Lake State offers one of the few law enforcement track programs in the state of Michigan. This program allows area Law Enforcement majors to obtain their police academy training while completing their Bachelors degree. Students graduating from this program will leave the university MCOLES certifiable and therefore ready to start their careers as police officers without attending another academy.
Our criminalistics program is designed for students who are interested in pursuing investigative work. This degree allows students to obtain a chemistry minor as part of their degree and graduates have been employed directly into crime labs or have continued on to graduate school.
The corrections program will allow students to pursue careers in prisons and also in community based corrections. Many of our graduates are now probation officers, parole officers, as well as jail and prison officers.
The public safety degree is unique in that it allows students to obtain several certifications. Graduates of this degree will have law enforcement, fire science and emergency medical training.
Another option for students in criminal justice is the loss control program.
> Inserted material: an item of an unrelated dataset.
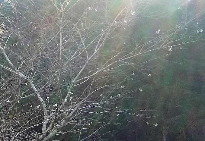 土佐和紙工芸村に1本だけある「ジュウガツザクラ」がチラホラ咲き始めました。

This program is intended for students interested in entering the private sector where they will manage security at large corporations and other agencies.
||Education Outside the Classroom
Forensic science and Criminal Justice faculty lead wrongful convictions panel discussion
Two LSSU faculty members recently participated with colleagues from Wayne State University and University of Michigan in a panel discussion on a wrongful conviction case that was presented at Wayne State, and five LSSU students were able to attend the program as part of their studies here.
A packed audience of students, alumni, interested citizens, and one released exoneree, heard "Anatomy of a Wrongful Conviction," the story of the wrongful conviction case of Karl Vinson, who is still imprisoned and awaiting a hearing for his release before the Wayne County Circuit Court. During the WSU presentation, a panel of scientists and lawyers involved in Vinson’s case presented evidence of a wrongful conviction for criminal sexual conduct in 1986.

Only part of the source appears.